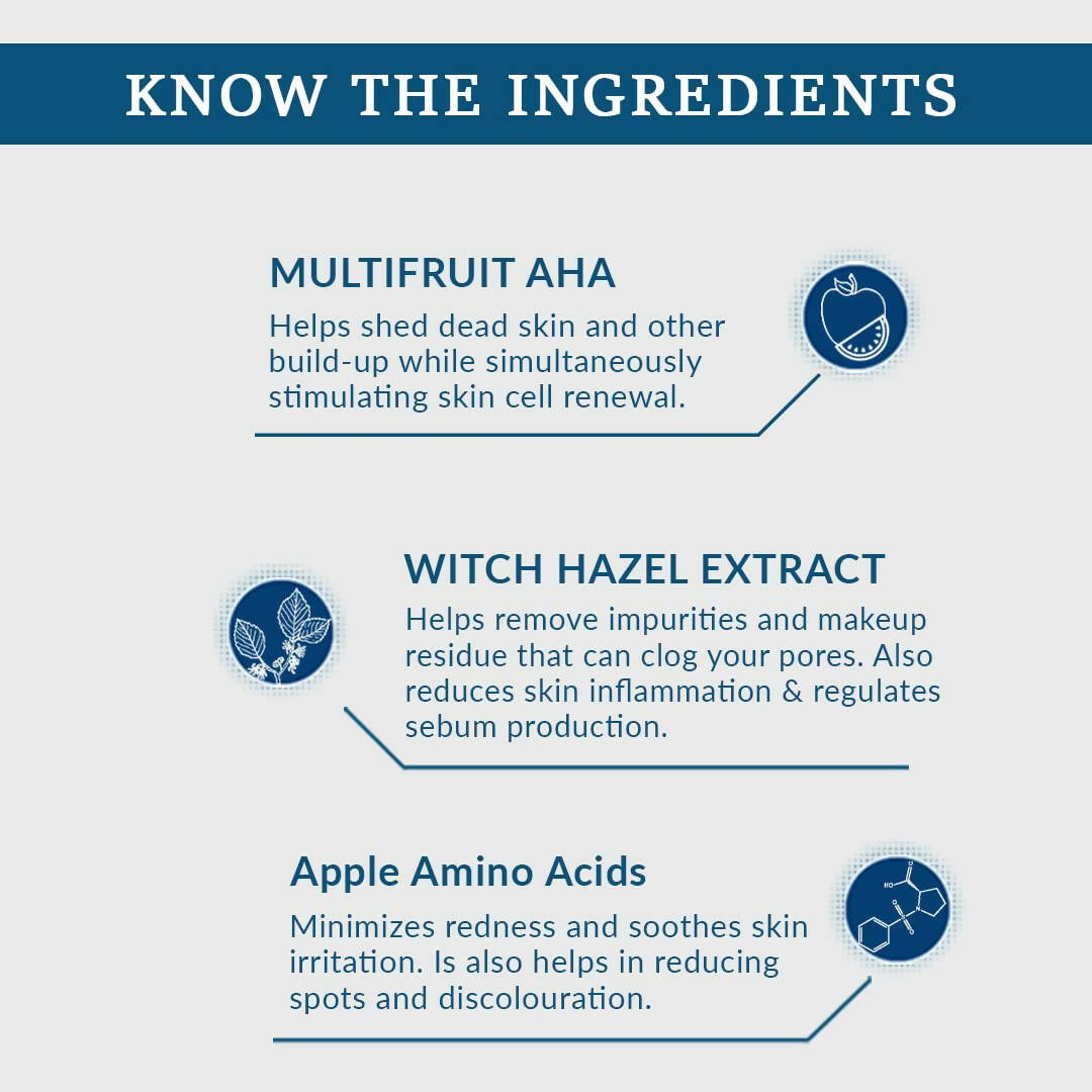 The FCL face toner is a mild formulation designed to refine pores and invigorate the skin by effortlessly removing excess oil and impurities. Infused with Multifruit AHA, Witch Hazel, and Rose Flower extracts, this toner is suitable for all skin types.
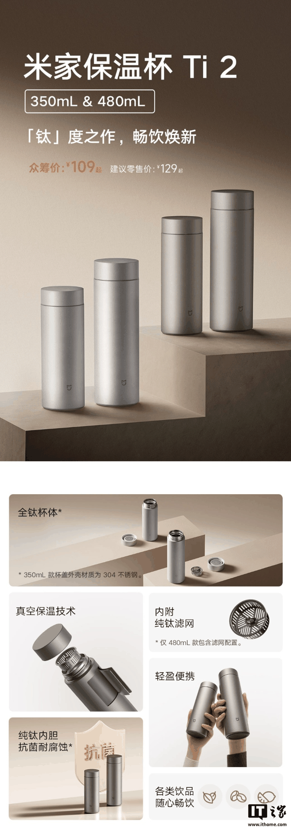 官方介绍称,系列保温杯采用全钛杯体(350ml 为 304 不锈钢材质杯盖),纯钛内胆,配备双层钛真空保温技术,内附纯钛茶滤(仅 480ml)。
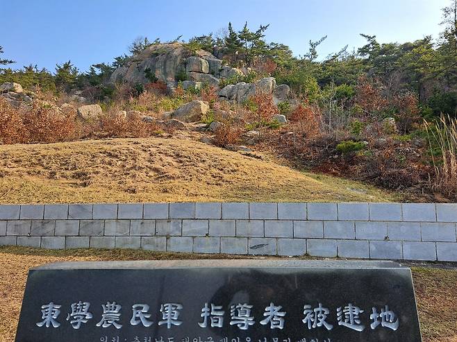 | ▲ 교장바위 1894년, 태안에서 붙잡힌 1백 수십 동학농민군이 여기서 교형과 장형 등으로 희생당했다 해서 이름이 '교장(絞杖)바위'가 되었다는 설이 유력하다. 일본인 교장 선생의 고마움을 기려 '교장(校長)바위'라는 주장도 있다. |

▸ EXERCISE REQUIREMENTS
Would you reproduce the lines from the one with "官方介绍称,系列保温杯采用全钛杯体(350ml 为 304" through the final line of the data above, exactly and only those, without any pictures?

▸ WRITTEN SOLUTION
 官方介绍称,系列保温杯采用全钛杯体(350ml 为 304 不锈钢材质杯盖),纯钛内胆,配备双层钛真空保温技术,内附纯钛茶滤(仅 480ml)。
 | ▲ 교장바위 1894년, 태안에서 붙잡힌 1백 수십 동학농민군이 여기서 교형과 장형 등으로 희생당했다 해서 이름이 '교장(絞杖)바위'가 되었다는 설이 유력하다. 일본인 교장 선생의 고마움을 기려 '교장(校長)바위'라는 주장도 있다. |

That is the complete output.